Well hold on, your results only show the timings for "SELECT QUERY (1
object):" -- does this mean you're just selecting one row? If so, that
doesn't seem like a particularly useful performance benchmark. What
are the _real_ bottleneck queries for your application when you're not
using partitioning?

Also, 5830 ms seems like a lot for what amounts to an indexed (primary
key?) lookup of a single row -- how long does it take for you to
SELECT [some object ID] FROM original_unpartitioned_big_table;  (try
the query a few times, with both same and different object IDs to get
a feel for cache effects).

BTW, If you do decide to partition based on objects, you don't have to
make a partition for each object ID, if there are 5000 of those. You
can partition based on ranged of object IDs.

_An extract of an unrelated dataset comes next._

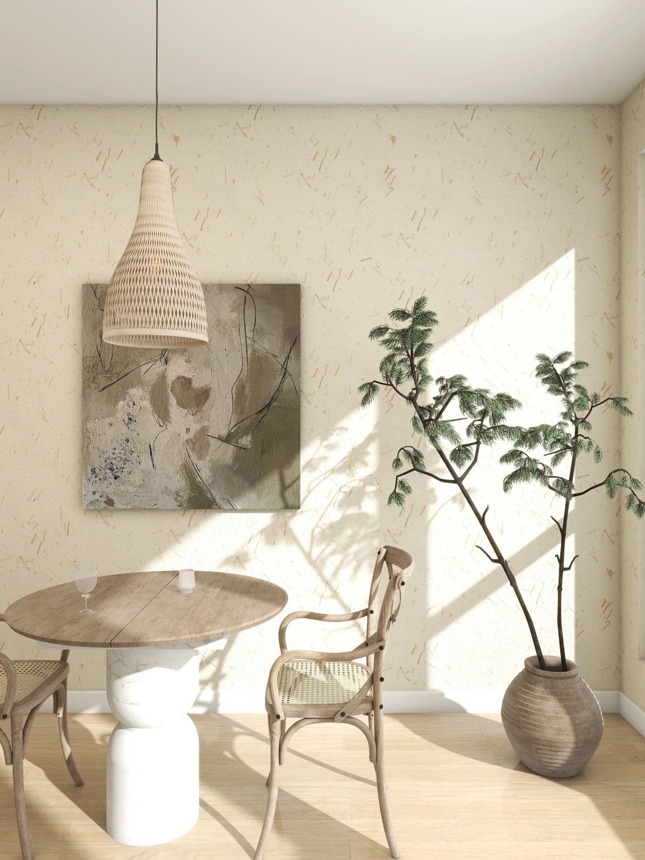 立镁家生态艺术稻草漆自带的原生之美与空间的极简设计语言完美融合,于自然质朴中窥见生活本真。

> BUT we have a lot of object (about 5000, and
> planning to connect 2-5 times bigger object count next year). This plans
> leads to the firs question:
>
> 1) How postgres would "like" such a big count of partitions? Will it
> decrease performance in future?

5000 partitions is going to incur significant planner overhead for
each query; check the docs and archives (search term "large number of
partitions" or similar).

> By the moment we noticed several performance
> issues with the big count of object id in such conditional statement: SELECT
> * FROM coordinates_object.coordinates WHERE object_id in (HERE ARE SEVERAL
> OBJECTS);
[snip]
> "              Filter: (object_id = ANY ('{722,728,727,248}'::bigint[]))"
> "Total runtime: 695.963 ms"
>
> 2) As you see from EXPLAIN, postgres is using array for filtering Filter:
> (object_id = ANY ('{722,728,727,248}'::bigint[]))", why?

AFAIR, that's a normal transformation of a IN (...) query to = ANY
(...), and I bet you'll see the same thing without partitioning at
play.

For a variety of reasons (performance, ease of maintenance), I think
partitioning is most useful for improving query times for large
data-sets when you can separate out your "hot" and "cold" data. Or, if
you can't do that, then next-best is to try to partition into sets
that will be queried together often (e.g. if you often query a cluster
of nearby object IDs together, partition by object ID, or same thing
for your other types), so that your queries hit a small number of
partitions on average.

Josh